There are many different types of debts. There are credit card debts, student loan debt, etc which are usually at high-interest rates. You must pay it as soon as possible you can. If some debts are left with high-interest rates, then it would become difficult for you to focus on investment as you have high debts.


These are a few points you should consider before making any investment if you cannot afford to invest.


Provident fund (PF) and Mutual fund (MF) are two such investment options available to investors in India. However, these two products should not be compared as they serve different purposes.


Is PF better than Mutual Funds?

Firstly, let us understand the basic meaning of these Funds. A mutual fund is a company that brings together money from many people and invests it in stocks, bonds, government securities, etc.


A Provident fund is a retirement savings plan for salaried employees who work for a company with 20 or more employees.


Here is the basic difference between these funds -

  • The return generated from a mutual fund scheme is dependent on the performance of the underlying asset where the turn on PF is computed on an annual basis (decided by the government of India).

  • The tax treatment of mutual funds depends upon the kind of scheme and period of investment.

  • Mutual funds have no definite fixed tenure of holding, investors can choose to exit by selling their mutual funds units. Whereas Provident fund has fixed investment tenure.

  • Mutual funds offer a high degree of liquidity. Whereas Provident funds are long-term deposit options with a low degree of liquidity.

  • The main objective of a mutual fund is to accumulate the investment of each investor in a pool and cumulatively invest the amount in a financial instrument, to generate high returns. Whereas the main goal of a provident fund is to create a long-term saving corpus, over a long tenure.

PF is for fixed tax-free income and has no volatility except for a change in the rate every year. Mutual fund, on the other hand, provides an option for a debt fund as well an equity investment.

All investors are different, every investment is unique.
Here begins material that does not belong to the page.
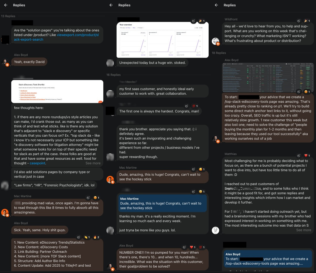 This isn’t another “founder Discord” filled with noise, auto-prompts, or narcissistic self-promoters (we do, however, try to subscribe to each others’ products when we can).
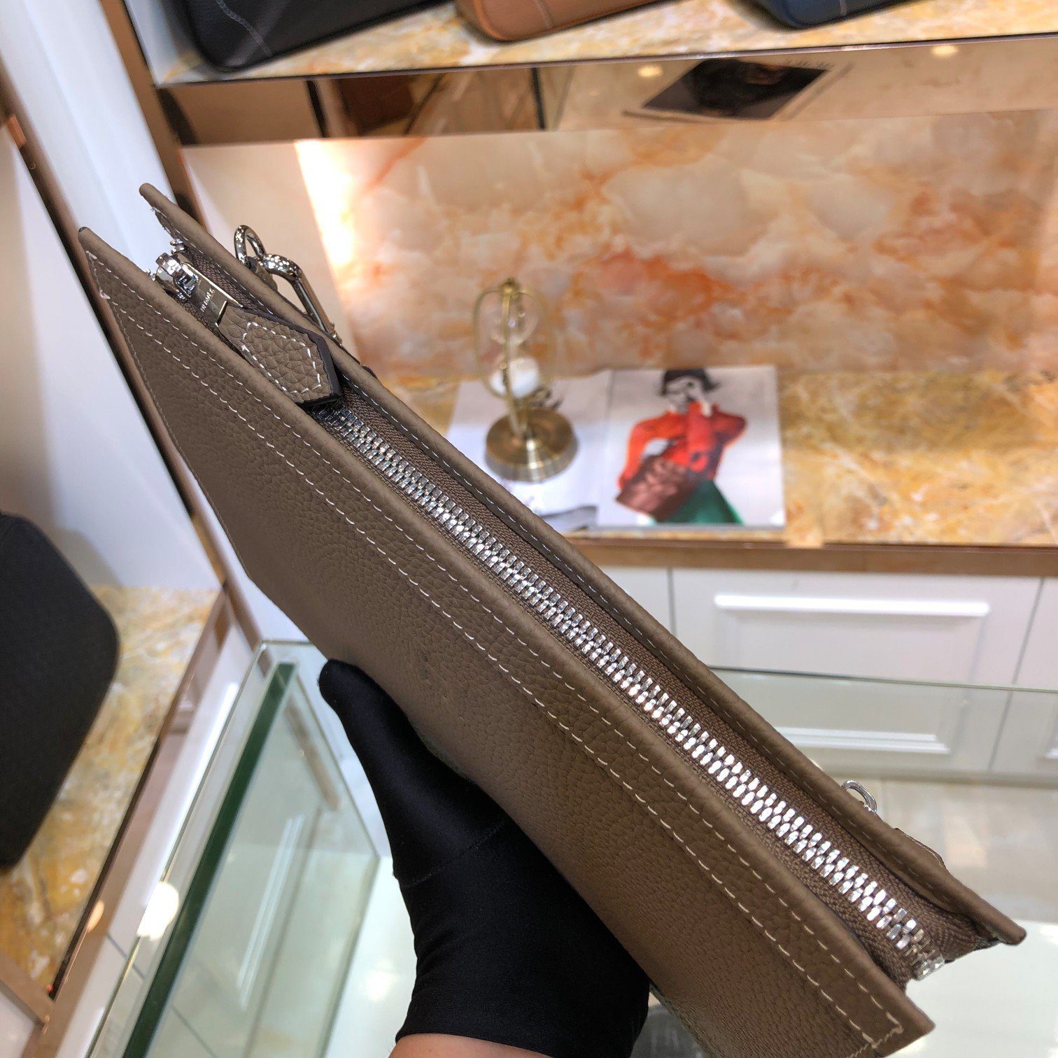 休闲风尚与实用主义的完美结合——探索爱马仕(Hermès)2021年最新款男士手拿包。这款包袋将休闲格调与实用功能巧妙融合,廓形设计舒适随性,是追求低调奢华的现代男士的理想之选。包身正面中央饰有浮雕式“H”字母标志,既彰显了品牌的标志性特色,又保持了恰到好处的内敛风度。

Before deciding on the number of mutual funds, you have to identify your financial goals and invest accordingly.


How many Mutual Funds are good enough in a portfolio

There is no perfect portfolio that would work for everyone. You have to be prepared by doing proper research and finding out what works for you.


Therefore, unless you are very well versed with the markets and have expertise in mutual funds, a good rule of thumb would be to own-

  • In a debt category, one or two funds are good. You must reflect on your time horizon and associated taxation.

  • You can select one index fund or a combination of two funds in a large-cap category. If you add another fund, there will be a high level of overlap in the large-cap portfolio.

  • You should invest in two small-cap and two mid-cap funds. Usually, the overlap in these categories is low if the chosen funds have a different strategy (value/growth).

  • In the case of a foreign mutual fund, one fund is fine as far as the underlying is an index of a foreign country (NASDAQ/NYSE).